Data extracted from a collection
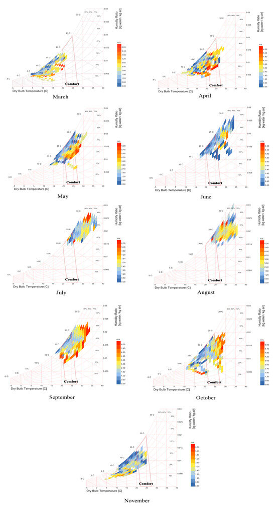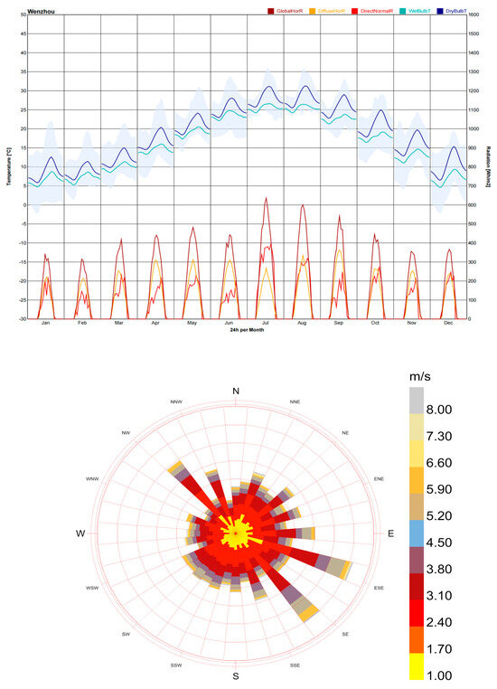 Figure 18 vividly illustrates the environmental impact of the Trombe wall in the current study. This article introduces the Ladybug tools plugin in Rhino7 Grasshopper software for indoor thermal comfort simulation. This plugin can handle climate information while also simulating indoor thermal comfort, excluding winter. During this process, actual wind speed data from the Trombe wall were incorporated, enabling a more accurate representation of its effects. The charts clearly demonstrate that the temperature and humidity during transitional seasons can be maintained within a relatively comfortable range with the application of the Trombe wall in hot-summer and cold-winter climate zones. Taking the Wenzhou area as an example, the annual average temperature is approximately 18.5 °C, with annual average relative humidity ranging between 74% and 85%.
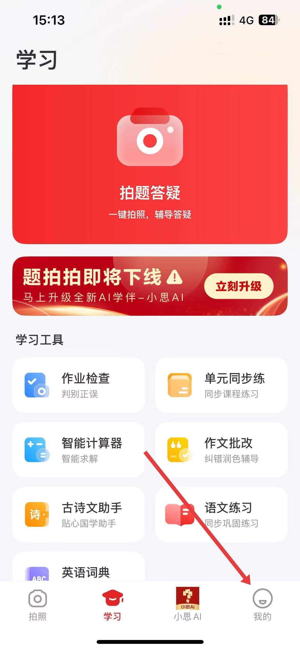 1、打开题拍拍app,点击底部导航栏中我的选项,进入个人相关界面。
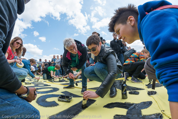 When the painting is finished people lift up the banner
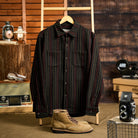 【사전예약】유즈드 가공 버튼 레트로 스트라이프 자카드 워크 셔츠
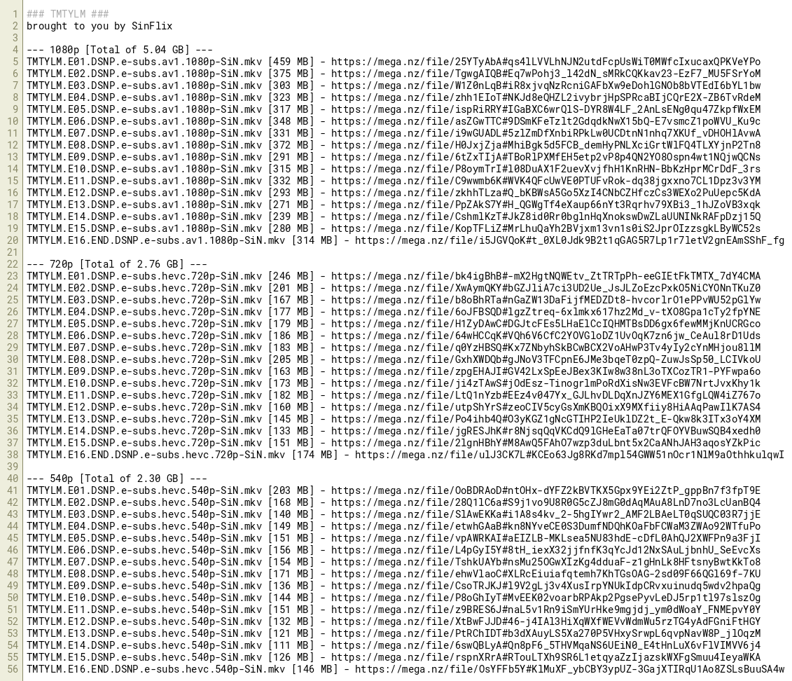 TMTYLM.E13.DSNP.e-subs.av1.1080p-SiN.mkv [271 MB] - https://mega.nz/file/PpZAkS7Y#H_QGWgTf4eXaup66nYt3Rqrhv79XBi3_1hJZoVB3xqk
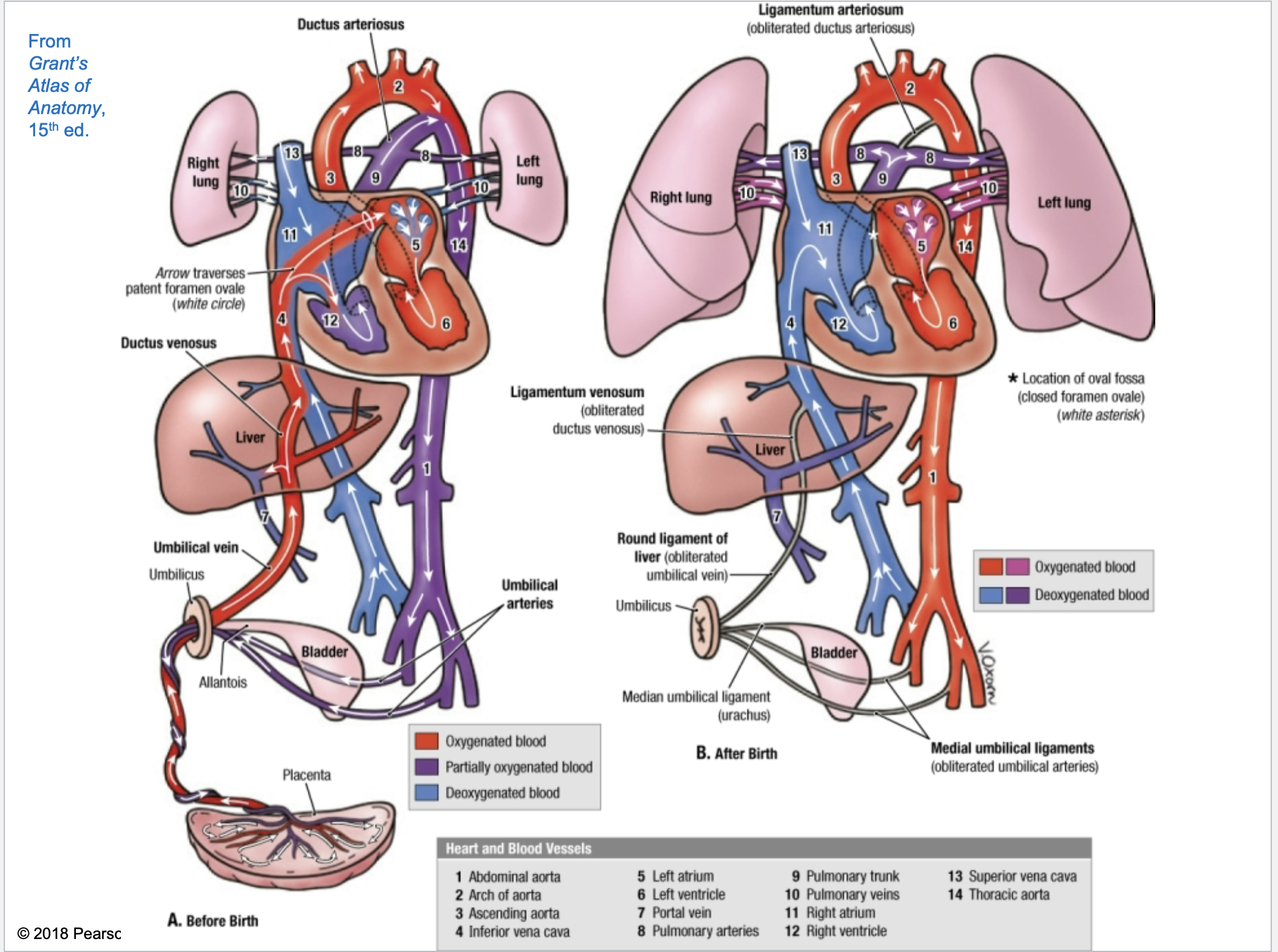 Remember that the fetus is in a liquid environment. There is no mechanical breathing taking place in the fetal lungs. Gas and nutrient exchange is taking place at the interface between the uterine wall and the placenta. It is not necessary in the fetal body to send a significant amount of blood towards the lungs. That is why these bypasses exist. After birth, however, these bypasses should seal off. This then forces blood to enter into the newborn’s lungs.

> _What to produce_: A verbatim copy of the records is expected, from their first line through the line with "1、打开题拍拍app,点击底部导航栏中我的选项,进入个人相关界面。", inclusive, with the pictures removed.

> _Result for this task_:
 Figure 18 vividly illustrates the environmental impact of the Trombe wall in the current study. This article introduces the Ladybug tools plugin in Rhino7 Grasshopper software for indoor thermal comfort simulation. This plugin can handle climate information while also simulating indoor thermal comfort, excluding winter. During this process, actual wind speed data from the Trombe wall were incorporated, enabling a more accurate representation of its effects. The charts clearly demonstrate that the temperature and humidity during transitional seasons can be maintained within a relatively comfortable range with the application of the Trombe wall in hot-summer and cold-winter climate zones. Taking the Wenzhou area as an example, the annual average temperature is approximately 18.5 °C, with annual average relative humidity ranging between 74% and 85%.
 1、打开题拍拍app,点击底部导航栏中我的选项,进入个人相关界面。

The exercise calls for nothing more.